• Resûlullahın “sallallahü aleyhi ve sellem” vefât haberini, mü’ezzini Abdüllah bin Zeyd, bağçesinde bulunduğu bir sırada aldı. Hemen yâ Rabbî benim gözlerimi görmez eyle, diye düâ etdi. Düâsı kabûl edilip, gözleri görmez oldu. Niçin böyle düâ etdin diye sorduklarında, dünyânın lezzeti görmekdedir. İstedim ki, gözlerim Muhammed aleyhisselâmın vefâtından sonra kimsenin yüzünü görmekle lezzetlenmesin.
• Emîr-ül-mü’minîn Alî “kerremallahü vecheh” şöyle anlatmışdır: Resûlullahı defn etdikden sonra, bir köylü geldi. Kendini kabr-i şerîfin üzerine bırakdı. Topraklarını başına saçdı. Yâ Resûlallah “sallallahü aleyhi ve sellem”! Emr buyurdun, emrine itâ’at etdik. Allahü teâlâ sana Kur’ân-ı kerîmi gönderdi. Biz de senden kabûl etdik. O Kur’ân-ı kerîmden bir âyet-i kerîmede Allahü teâlâ [Nisâ sûresi 64.cü âyetinde meâlen] (Nefslerine zulm edenler, sana gelip, Allahü teâlâdan afv dilerse ve Resûlüm de, onlar için afv dilerse, Allahü teâlâyı, tevbeleri kabûl edici ve merhamet edici bulurlar) buyurmakdadır. Biz kendi nefsimize zulm etdik. Şimdi bizim için avf dileyesin diye geldik, dedi. O ânda kabr-i şerîfden, afv etdiler diye bir ses işitildi.

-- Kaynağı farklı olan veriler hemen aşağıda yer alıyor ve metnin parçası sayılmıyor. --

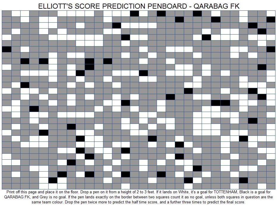 I rate the likelihood of us scoring as a huge 86%, of us scoring more than once as 52% and of us keeping a clean sheet as a massive 71%. The most likely scorelines are: a 2-0 win, a 1-0 win, a 3-0 win, and a 1-1 draw. Overall I have 73% for a Spurs win, 19% for a draw and 8% for a Qarabağ win.
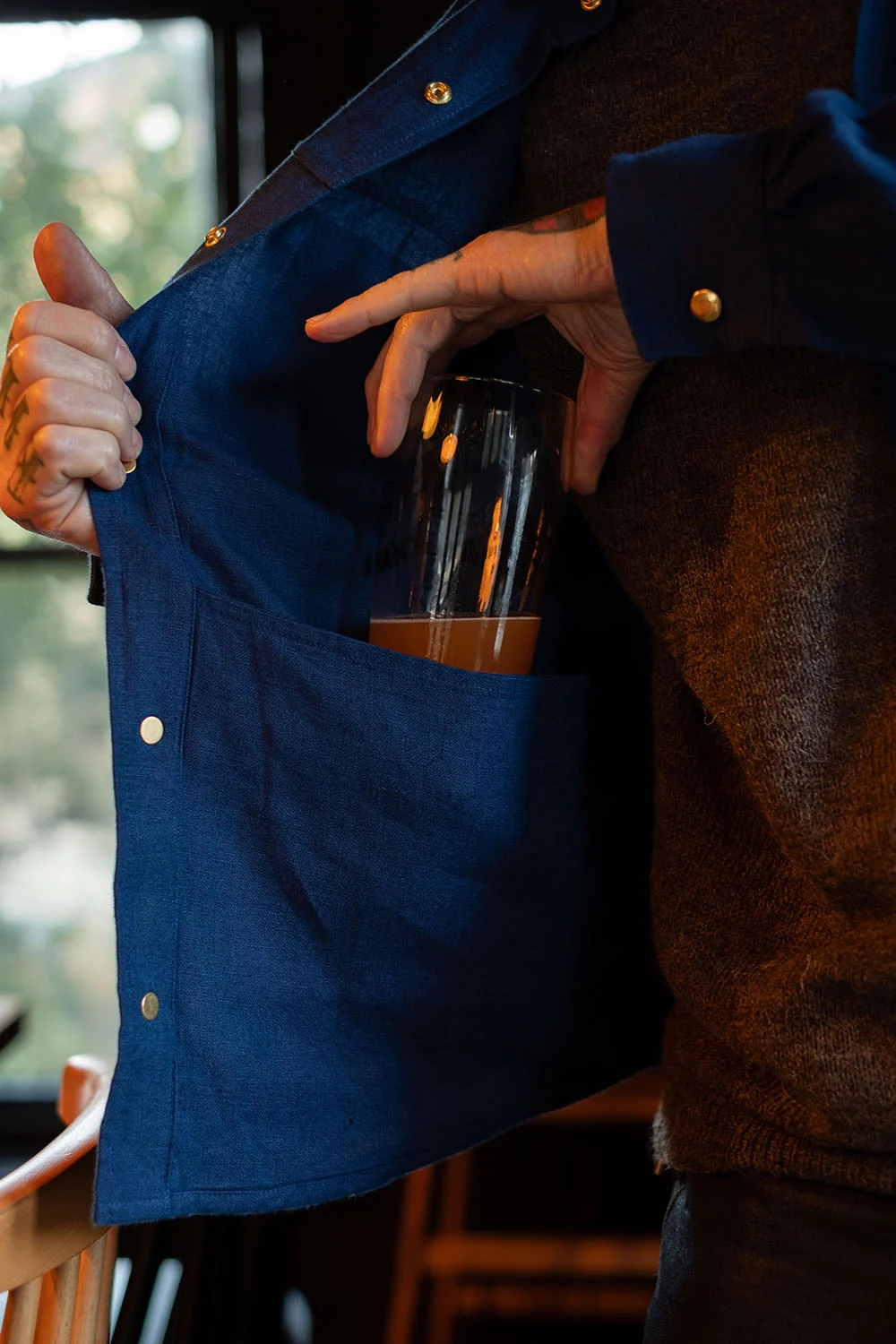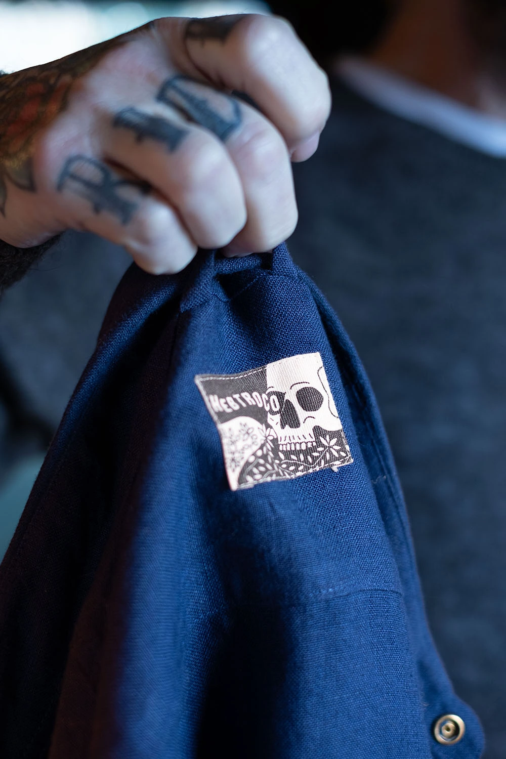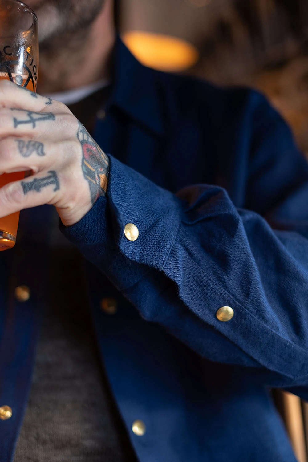Our all new linen Iron Shirt. All the same features as the HebTroCo classic Iron Shirts but in a softer, lighter, very easy to wear set up. This is less of a jacket than the heavy irons. Not just for warm days though, this layers up lovely for colder days and is the Iron Shirt you can wear indoors at parties!

• Abdürrahmân el-Anberî şöyle anlatmışdır: Resûlullah “sallallahü aleyhi ve sellem” bir arefe günü hutbe okuyordu ve sadaka vermeğe teşvîk ediyordu. Bir genç kalkıp, yâ Resûlallah! Bu deve fakîrlerin olsun dedi. Resûlullah “sallallahü aleyhi ve sellem” o deveye bakdı ve emr eyledi satın aldılar. O günlerde Resûlullah “sallallahü aleyhi ve sellem” hazret-i Ömere “radıyallahü anh” sana acâib bir haber vereyim mi buyurdu. O da buyurun dedi. Buyurdular ki: “Bu gece dışarıya çıkmışdım. O deve bana esselâmü aleyke yâ Resûlallah dedi. Ben, Allahü teâlâ sana bereketler versin dedim. Dedi ki, yâ Resûlallah, benim anam Kureyşden bir kişinin devesiydi. Südünü sağacağı zemân yem verir doyururdu. Sağmayacağı zemân hiç birşey vermezdi. Ben onun beşinci yavrusuyum. Câhiliyye zemânında bir deve beş def’a doğurursa, beşinci yavrusunu putlar için ayırıp ona binmezler ve yük yüklemezlerdi.